Mit der Stärkung des gemeinsamen Auftretens der Mitgliedstaaten durch EU-Missionen wird Europa auch als internationaler Partner für Stabilität interessanter. So hat Russland Interesse bekundet, seine Beziehungen zur EU in sicherheitspolitischen Fragen konsolidieren und ausbauen zu wollen. Dazu sollen ein Rahmenabkommen über russische Beteiligung an Einsätzen im Rahmen der GSVP und die Schaffung eines EU-Russland-Komitees für Sicherheitspolitik gehören. Hintergrund des ersten Punktes sind schwierige bürokratische Prozesse bei vergangenen Kooperationen, der zweite Vorschlag geht auf Überlegungen des russischen Premiers Medvedev und der deutschen Kanzlerin Merkel zurück. Gedacht ist an einen Rat der 27 Außenminister der EU plus der Hohen Beauftragten und dem russischen Außenminister zu Fragen sicherheitspolitischer Kooperation.

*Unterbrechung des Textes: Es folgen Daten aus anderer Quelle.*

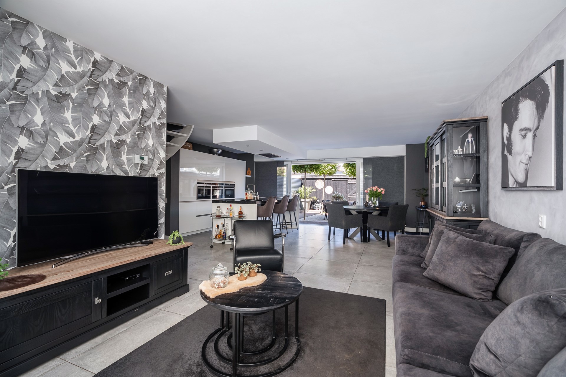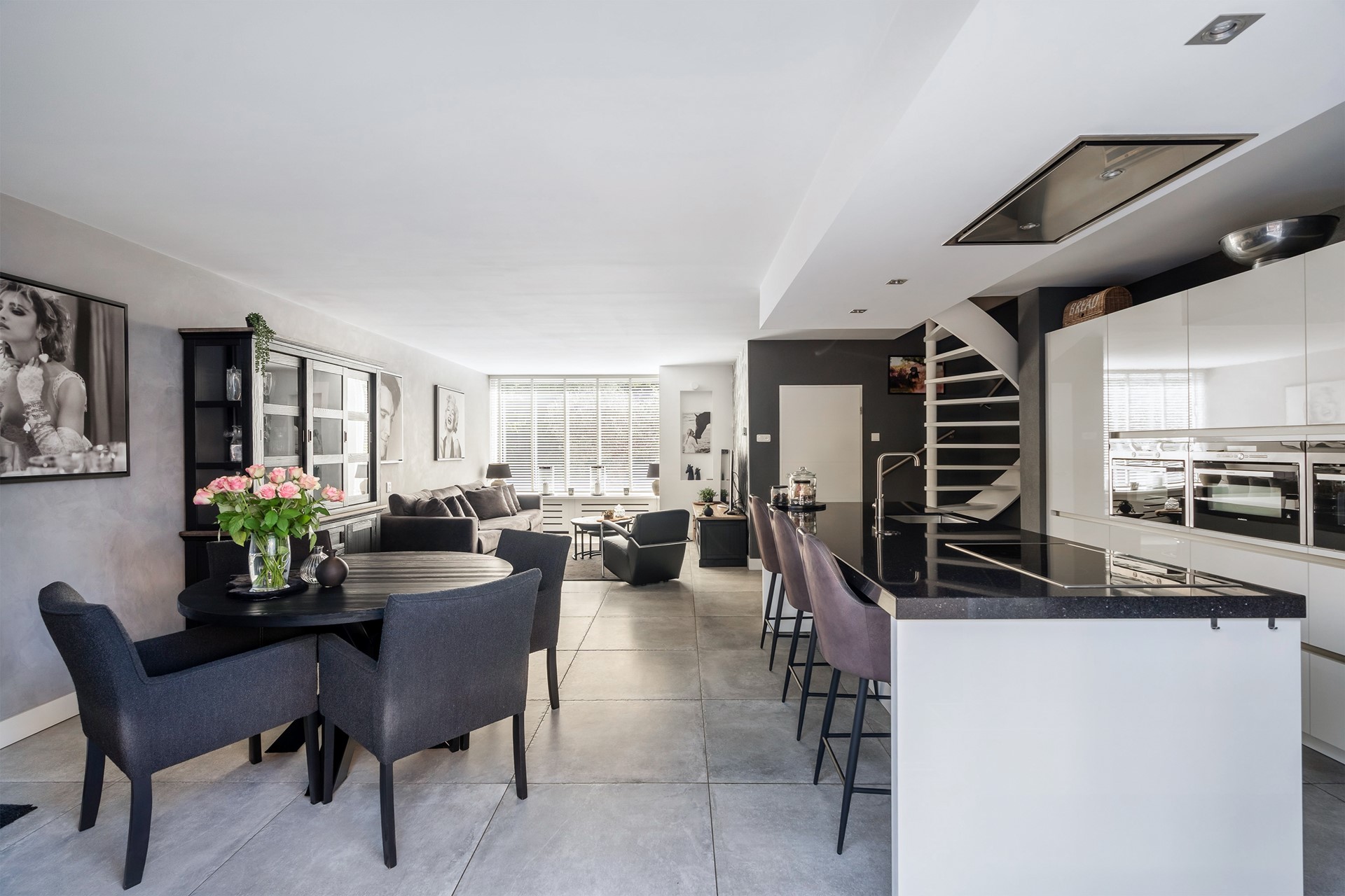 Eenmaal binnen in de lichte hal tref je alles wat je mag verwachten: plek voor jassen, een nette meterkast, een fris afgewerkte toiletruimte en uiteraard de deur naar de woonkamer – waar het échte gevoel van thuiskomen begint. De ruime en lichte living heeft een chique uitstraling dankzij de neutrale tinten en hoogwaardige afwerking. Aan de voorzijde is een royale zithoek gecreëerd, perfect voor lange avonden met familie of vrienden. Dankzij grote raampartijen geniet je bovendien van mooi lichtinval, waardoor elke dag in deze ruimte uitnodigend aanvoelt.

Diese Entwicklungen sind erste Indizien für die Veränderungen in der Wahrnehmung der EU-Außenpolitik von innen und außen. Beide Beispiele zeigen, dass die Neuregelungen ein Potential bergen, die GSVP stärker demokratisch rückzukoppeln und in eine internationale Sicherheitsarchitektur einzubinden. Vor einer Bewertung müssen diese Ansätze sich jedoch noch weiter entwickeln.